■ RAW DATA:

--------

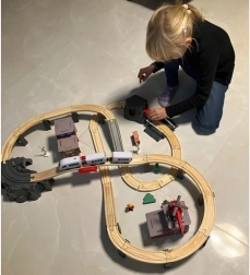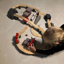 Kruzzel 22754 Circuit trenuleț din lemn cu baterii, 70 piese, 480 cm
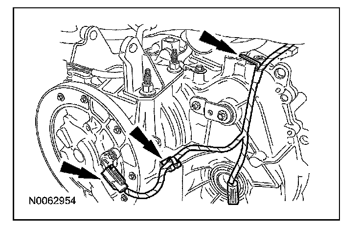 54. Disconnect the output shaft speed (OSS) sensor electrical connector and remove the bolt and the OSS sensor.
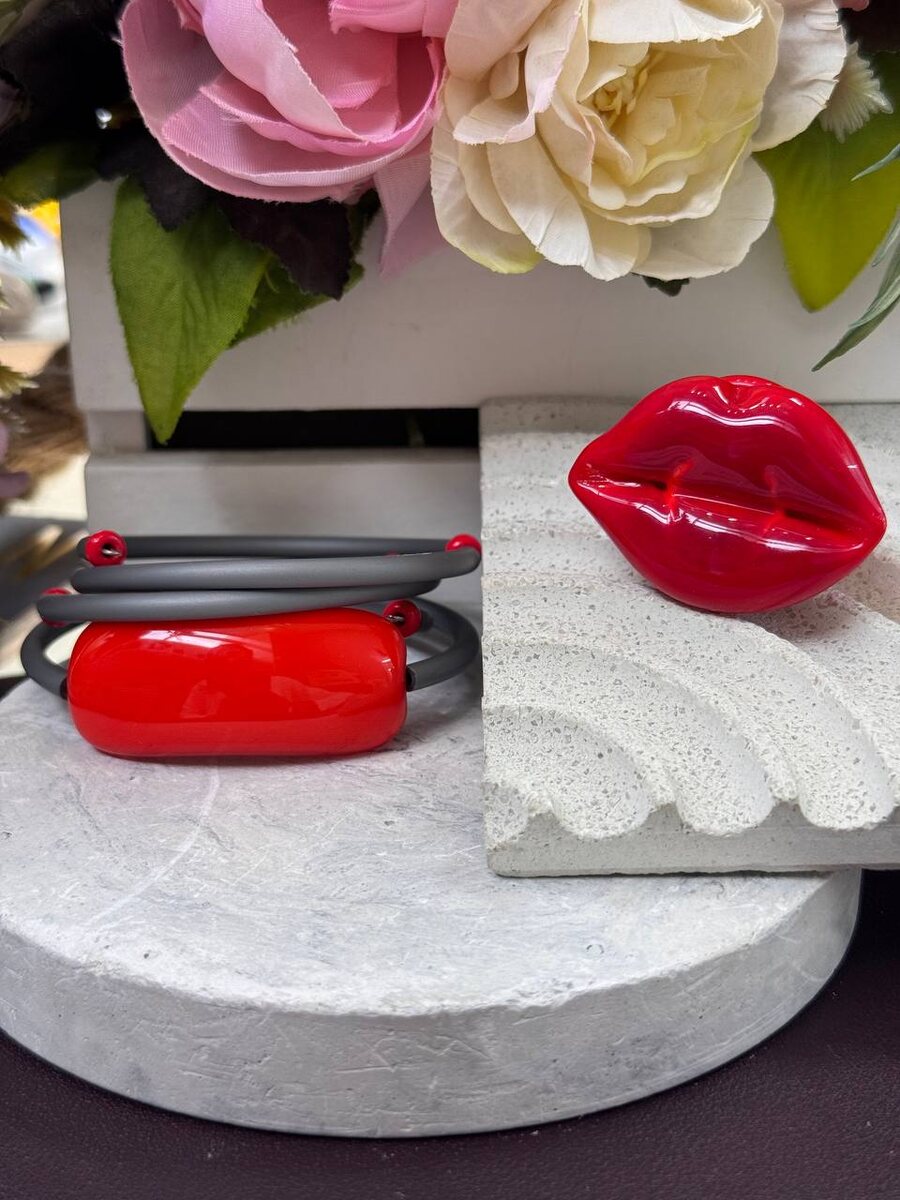 Каучук выбирают за прочность, гибкость и эффектный контраст со стеклом. Он не боится воды, не тускнеет и делает любое украшение визуально современным.❤️ Кольцо 5100-15%=4.335 Браслет 3000-15%=2.550 ✨Нажмите для заказа ✉️ Нажмите чтобы задать вопрос
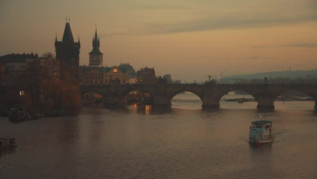 landscape with Vltava river, Karlov most and boat at sunset in autumn in Prague, Czech Republic.

--------

■ WHAT THE TASK ASKS: The job here is to retype the data exactly, with no pictures included.

■ EXERCISE SOLUTION:
 Kruzzel 22754 Circuit trenuleț din lemn cu baterii, 70 piese, 480 cm
 54. Disconnect the output shaft speed (OSS) sensor electrical connector and remove the bolt and the OSS sensor.
 Каучук выбирают за прочность, гибкость и эффектный контраст со стеклом. Он не боится воды, не тускнеет и делает любое украшение визуально современным.❤️ Кольцо 5100-15%=4.335 Браслет 3000-15%=2.550 ✨Нажмите для заказа ✉️ Нажмите чтобы задать вопрос
 landscape with Vltava river, Karlov most and boat at sunset in autumn in Prague, Czech Republic.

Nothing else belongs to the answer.